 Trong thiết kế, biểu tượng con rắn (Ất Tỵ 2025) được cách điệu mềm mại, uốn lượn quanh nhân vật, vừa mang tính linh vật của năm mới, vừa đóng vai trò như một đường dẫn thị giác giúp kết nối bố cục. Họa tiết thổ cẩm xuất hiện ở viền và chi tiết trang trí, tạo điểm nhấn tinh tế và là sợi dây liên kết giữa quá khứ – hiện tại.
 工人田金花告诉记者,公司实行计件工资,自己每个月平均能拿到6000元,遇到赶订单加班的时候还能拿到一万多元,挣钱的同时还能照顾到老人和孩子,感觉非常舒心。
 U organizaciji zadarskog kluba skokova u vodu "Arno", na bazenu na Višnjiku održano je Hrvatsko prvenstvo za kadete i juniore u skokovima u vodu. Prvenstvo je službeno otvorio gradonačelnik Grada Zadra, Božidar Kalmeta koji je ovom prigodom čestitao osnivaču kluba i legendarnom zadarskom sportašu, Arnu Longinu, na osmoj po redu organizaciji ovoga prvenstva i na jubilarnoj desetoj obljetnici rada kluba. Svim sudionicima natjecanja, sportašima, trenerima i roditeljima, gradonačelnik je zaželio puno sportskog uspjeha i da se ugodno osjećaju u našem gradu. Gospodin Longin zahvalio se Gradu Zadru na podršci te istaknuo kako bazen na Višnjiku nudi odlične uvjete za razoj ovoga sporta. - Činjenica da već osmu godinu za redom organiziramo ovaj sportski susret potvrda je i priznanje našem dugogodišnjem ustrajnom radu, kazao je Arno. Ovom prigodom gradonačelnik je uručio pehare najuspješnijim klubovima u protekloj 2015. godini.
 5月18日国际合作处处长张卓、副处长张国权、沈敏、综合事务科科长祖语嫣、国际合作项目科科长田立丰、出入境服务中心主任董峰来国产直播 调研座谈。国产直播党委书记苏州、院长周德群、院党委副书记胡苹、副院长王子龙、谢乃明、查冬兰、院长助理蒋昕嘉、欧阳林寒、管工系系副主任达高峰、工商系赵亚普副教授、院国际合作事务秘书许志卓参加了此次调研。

▶ **Task directions**
Return exactly, and only, the lines from the start of the listing through the line with "工人田金花告诉记者,公司实行".

▶ **Expected output**
 Trong thiết kế, biểu tượng con rắn (Ất Tỵ 2025) được cách điệu mềm mại, uốn lượn quanh nhân vật, vừa mang tính linh vật của năm mới, vừa đóng vai trò như một đường dẫn thị giác giúp kết nối bố cục. Họa tiết thổ cẩm xuất hiện ở viền và chi tiết trang trí, tạo điểm nhấn tinh tế và là sợi dây liên kết giữa quá khứ – hiện tại.
 工人田金花告诉记者,公司实行计件工资,自己每个月平均能拿到6000元,遇到赶订单加班的时候还能拿到一万多元,挣钱的同时还能照顾到老人和孩子,感觉非常舒心。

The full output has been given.